Now change the ./src/app.ts to below:

import CreateNoteUsecase from '../src/core/usecase/CreateNoteUsecase'
import NoteRepositoryMongoDB from '../src/infra/repository/NoteRepositoryMongoDB'

void (async () => {
// Step 1 - Create Repository
const repository = new NoteRepositoryMongoDB('mongodb://localhost:27017/', 'noteapp')

// Step 2 - Pass Repository to the Usecase
const createNoteUsecase = new CreateNoteUsecase(repository)

// Step 3 - Execute the Usecase
const note = await createNoteUsecase.execute('Sina', 'Test Description')

console.log(`Inserted ID for the new note: ${note.id}`)
})()

As you can see the inserted ID is shown above and let’s see if the note has been added to the MongoDB or not….

This is really delightful, everything is working but let’s clean it up a little bit more.

Clean up?

There is a set of concepts named Twelve-factor apps. Please take a look at it. These are introduced by Adam Wiggins the founder of Heroku. As a software engineer, it’s really important to know about the essential features of scalable apps.

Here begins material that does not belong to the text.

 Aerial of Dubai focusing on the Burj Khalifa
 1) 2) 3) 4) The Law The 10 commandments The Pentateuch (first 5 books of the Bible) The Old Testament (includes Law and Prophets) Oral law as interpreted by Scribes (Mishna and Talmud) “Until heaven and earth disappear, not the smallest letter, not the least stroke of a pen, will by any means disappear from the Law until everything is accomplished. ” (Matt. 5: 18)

One of its concepts is Configs, which simply means for scaling your app easily you have to set the configs in the environment. Let’s do that now!

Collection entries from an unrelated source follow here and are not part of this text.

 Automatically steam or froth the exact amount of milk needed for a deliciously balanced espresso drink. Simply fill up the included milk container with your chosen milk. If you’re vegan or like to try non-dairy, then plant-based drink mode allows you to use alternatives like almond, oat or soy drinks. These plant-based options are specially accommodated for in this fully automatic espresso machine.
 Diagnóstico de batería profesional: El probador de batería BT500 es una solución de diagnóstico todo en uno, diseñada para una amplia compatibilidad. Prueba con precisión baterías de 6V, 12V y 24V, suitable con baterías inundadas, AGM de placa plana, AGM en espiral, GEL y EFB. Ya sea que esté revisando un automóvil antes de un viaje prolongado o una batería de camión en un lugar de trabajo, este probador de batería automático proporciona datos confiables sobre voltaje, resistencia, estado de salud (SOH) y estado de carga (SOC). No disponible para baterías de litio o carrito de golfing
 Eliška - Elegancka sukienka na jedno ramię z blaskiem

I’ll use dotenv package. Let’s install that:

npm install dotenv

Create the env file as below:

# .env

APP_STORAGE=mongodb
MONGODB_URL=mongodb://localhost:27017/
MONGODB_DBNAME=noteapp

And change the ./src/app.ts as below:

import * as dotenv from 'dotenv'

import CreateNoteUsecase from '../src/core/usecase/CreateNoteUsecase'
import NoteRepositoryInMemory from '../src/infra/repository/NoteRepositoryInMemory'
import NoteRepositoryMongoDB from '../src/infra/repository/NoteRepositoryMongoDB'
import type NoteRepository from './core/repository/NoteRepository'

dotenv.config()

void (async () => {
// Step 1 - Get the preferred driver from .env file or fallback to memory
const storage = process.env?.APP_STORAGE ?? 'memory'

// Step 2 - Create repository based on the preferred driver from step 1
const repository: NoteRepository = storage === 'memory'
? new NoteRepositoryInMemory()
: new NoteRepositoryMongoDB(process.env?.MONGODB_URL as string, process.env?.MONGODB_DBNAME as string)

// Step 3 - Pass Repository to the Usecase
const createNoteUsecase = new CreateNoteUsecase(repository)

// Step 4- Execute the Usecase
const note = await createNoteUsecase.execute('New Note', 'New Description')

console.log(`Inserted ID for the new note: ${note.id}`)
})()

Let’s check again:

Seems everything is fine.

Congratulation! You came this far and made me happy by reading this article. It motivates me so much for the next part. I’ll promise to write ASAP.